YOUR TASK: The lines in the listing below are to be given again exactly, starting at the line holding "Voici un exemple" and ending at the line holding "This paper presents". Do not include pictures.

MATERIAL PROVIDED:
***
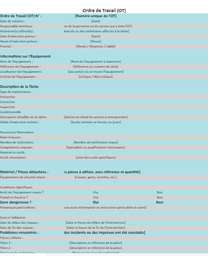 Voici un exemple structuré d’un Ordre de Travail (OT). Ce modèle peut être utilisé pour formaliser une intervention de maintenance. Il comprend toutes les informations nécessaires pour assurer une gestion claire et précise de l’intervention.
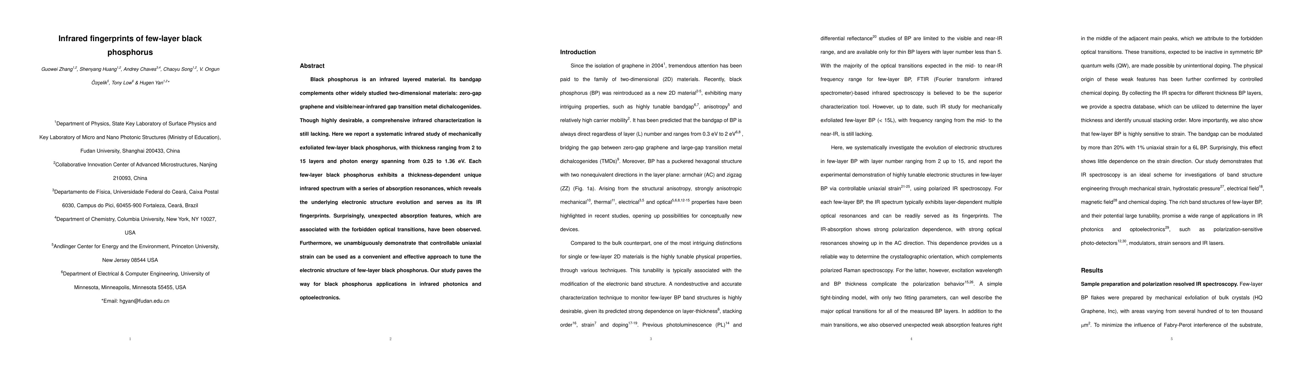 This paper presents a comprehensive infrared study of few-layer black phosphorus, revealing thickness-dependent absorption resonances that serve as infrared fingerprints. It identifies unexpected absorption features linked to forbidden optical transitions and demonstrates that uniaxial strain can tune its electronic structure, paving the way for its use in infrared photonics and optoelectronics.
***
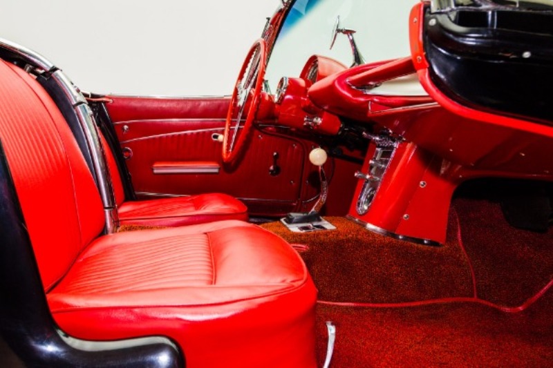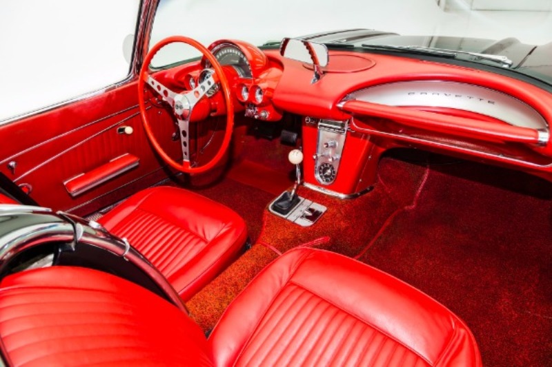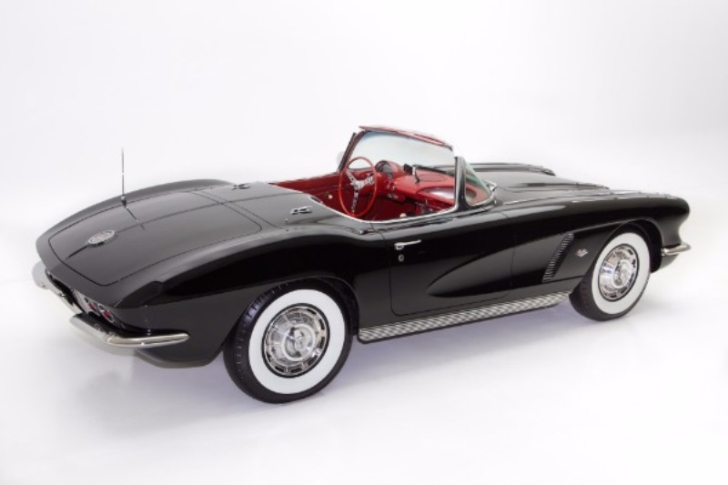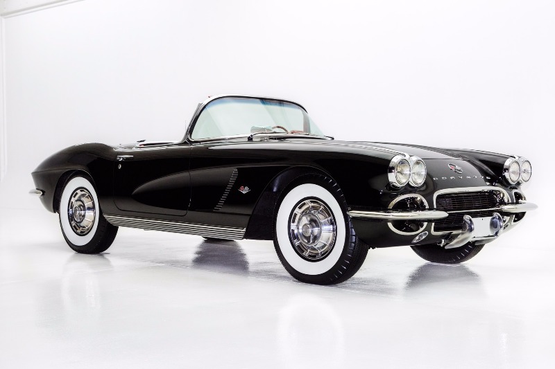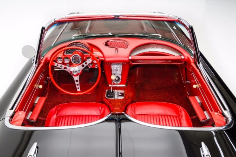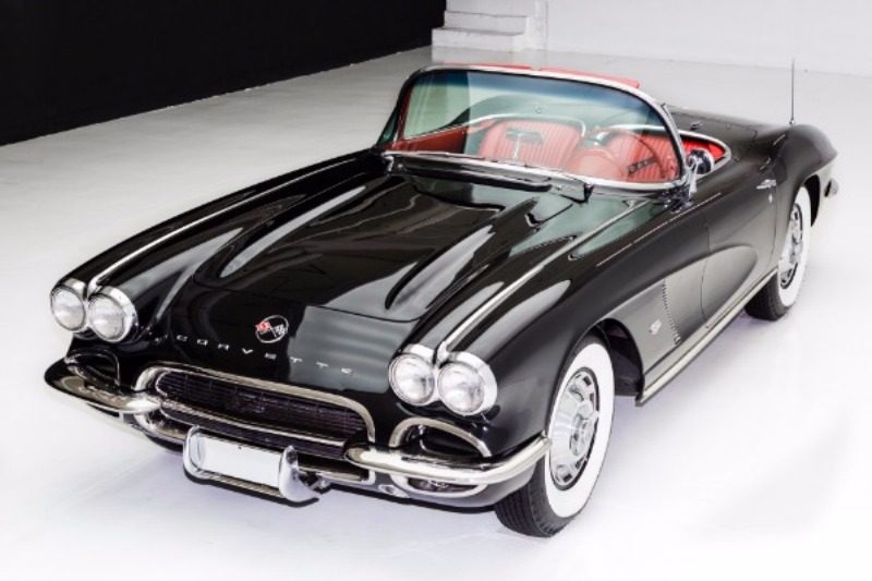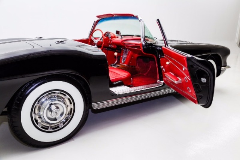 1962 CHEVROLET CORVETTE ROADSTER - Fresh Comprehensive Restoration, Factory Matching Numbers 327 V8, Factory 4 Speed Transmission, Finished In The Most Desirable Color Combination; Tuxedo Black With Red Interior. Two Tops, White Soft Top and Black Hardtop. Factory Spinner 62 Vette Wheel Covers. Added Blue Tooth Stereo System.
***
EXPECTED ANSWER:
 Voici un exemple structuré d’un Ordre de Travail (OT). Ce modèle peut être utilisé pour formaliser une intervention de maintenance. Il comprend toutes les informations nécessaires pour assurer une gestion claire et précise de l’intervention.
 This paper presents a comprehensive infrared study of few-layer black phosphorus, revealing thickness-dependent absorption resonances that serve as infrared fingerprints. It identifies unexpected absorption features linked to forbidden optical transitions and demonstrates that uniaxial strain can tune its electronic structure, paving the way for its use in infrared photonics and optoelectronics.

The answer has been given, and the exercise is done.